Qu’on vienne alors à me donner un habit de général, de prêtre, de paysanne, de petite fille, ou de vieille femme, alors, par une association d’idées toute-puissante, les souvenirs anciens, disséminés dans les replis de ma mémoire, reparaîtront soudain en foule, suscités par l’image présente. Les romans que j’ai lus, les comédies que j’ai vu jouer, les personnages que j’ai coudoyés dans la vie, les paroles, les faits innombrables qui ont passé devant moi, ont laissé tels ou tels souvenirs qui reviendront avec netteté, et j’emploierai ces souvenirs à créer de toutes pièces et avec une très grande vraisemblance le personnage que je croirai être.

Je puis donner quelques exemples de cette association d’idées suscitées immédiatement par les hallucinations.

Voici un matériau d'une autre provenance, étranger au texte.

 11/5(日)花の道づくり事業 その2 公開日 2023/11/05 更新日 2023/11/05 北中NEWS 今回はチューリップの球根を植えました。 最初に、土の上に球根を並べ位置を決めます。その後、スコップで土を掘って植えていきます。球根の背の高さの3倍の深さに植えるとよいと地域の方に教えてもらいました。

Dans une expérience déjà ancienne, mais que je n’avais pas su bien interpréter, je disais à F… qu’il était devenu un animal quelconque, un chien, un singe, un perroquet, et il se voyait aussitôt métamorphosé en chien, en singe, en perroquet. Un jour, je lui dis : « Te voilà changé en perroquet. » Après un moment d’hésitation, il me dit : « Faut-il que je mange le chènevis qui est dans ma cage ? »

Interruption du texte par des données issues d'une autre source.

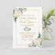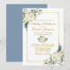 Watercolor Ivory White Floral Greenery Wedding Cartão de Convite para Casamento inclui rosas brancas de creme de marfim e verde botânico. Dourado Quadro, Escrita Dourada, Azul Dusty De Volta.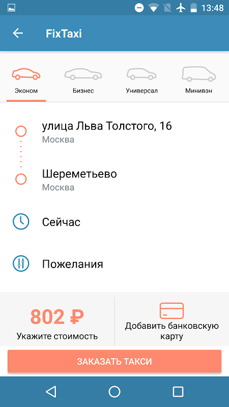 Вы сами назначаете цену, за которую готовы уехать, а Фикс Такси (ранее Аэротакси) ищет исполнителей заказа среди таксистов.

Je dis à A… : « Vous voilà changée en chèvre ». Aussitôt elle se tait, et se met violemment à grimper sur mon canapé, comme si elle voulait monter à l’assaut de la bibliothèque. Cela fut fait avec une telle précipitation que la robe en a été toute déchirée. Quand je lui demandai de m’expliquer pourquoi elle s’était livrée à cette bizarre gymnastique : « C’est, me dit-elle, que je me suis vue sur un rocher escarpé, et prise d’une envie irrésistible de sauter et de grimper. »

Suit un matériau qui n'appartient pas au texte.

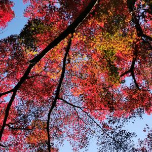 《 平林寺の紅葉 》② 空を真っ赤に染めて 青空を紅葉で独り占めしているほどに艶やかなモミジです 微妙な色彩の変化を楽しめるのも、葉にあたる光と翳りのおかげですね☺️ 平林寺は臨済宗の禅寺で、紅葉の時季や正月に境内をゆっくりと散策すると、日頃のストレスが癒やされてきます 東上線と西武池袋線の中間にあり、車なら川越街道を走れはすぐに分かります 正門前の有料駐車場(500円) はとても広く、ほぼ駐車できるでしょう。また、少し離れた野火止市役所駐車場も500円で駐車可能です。 細いバス道を挟んで、向かい側には、これまた紅葉で有名な睡足軒(すいそくけん)があり、両方を楽しめます☺️

Je dis encore à A… : « Vous voilà changée en petit lapin. » Elle se jette par terre, marche à quatre pattes, remue rapidement les lèvres et les dents, puis fait un saut brusque en paraissant effrayée. Lorsqu’elle est revenue à son état normal, elle me dit : « Il me semblait que je mangeais un chou. C’était bon comme une truffe. Puis j’ai entendu du bruit, j’ai cru voir un chien qui venait, j’ai eu peur, et je me suis sauvé dans mon terrier. »

Je tiens à reproduire textuellement ces paroles. Elles ont de l’intérêt, à cause de l’emploi du mot je. Une femme s’imagine être un lapin ; mais ce n’est pas une raison pour que son moi soit aboli. Le moi existe encore ; car il y a des impressions sensitives (il importe peu qu’elles soient hallucinatoires) et en même temps des phénomènes moteurs, ordres donnés aux muscles. De là la conservation du moi, même dans des métamorphoses dont l’apparence est si extraordinaire.